THE DATA
Segment Open

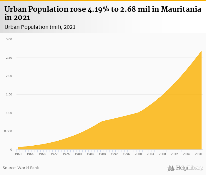 Urban population rose 4.19% to 2.68 mil in Mauritania in 2021, according to the National Statistical Office.
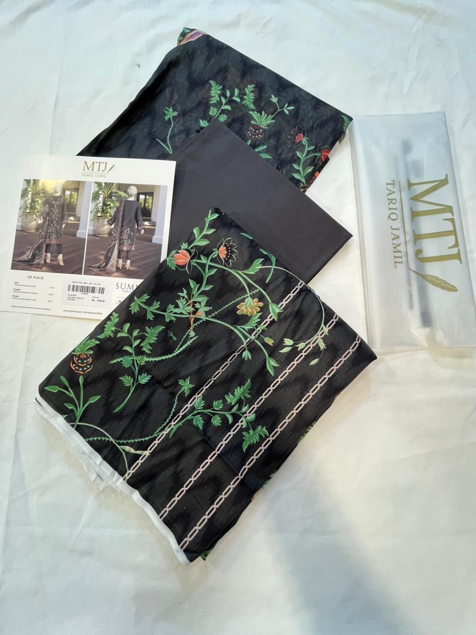 Mtj 3 PIECE PRINTED LAWN SUIT- Charcoal (UNSTITCHED)
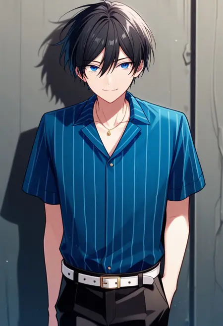 hokuthida, 1boy, male focus, solo, blue eyes, black hair, short hair, bangs, hair between eyes, jewerly, necklace, shirt, blue shirt, short sleeves, striped, striped shirt, vertical stripes, vertical-striped shirt, collared shirt, belt, white belt, pants, black pants,

Segment Closed

EXERCISE INSTRUCTIONS
Leaving out only the pictures, reproduce the listing exactly.

THE COMPLETED TASK
 Urban population rose 4.19% to 2.68 mil in Mauritania in 2021, according to the National Statistical Office.
 Mtj 3 PIECE PRINTED LAWN SUIT- Charcoal (UNSTITCHED)
 hokuthida, 1boy, male focus, solo, blue eyes, black hair, short hair, bangs, hair between eyes, jewerly, necklace, shirt, blue shirt, short sleeves, striped, striped shirt, vertical stripes, vertical-striped shirt, collared shirt, belt, white belt, pants, black pants,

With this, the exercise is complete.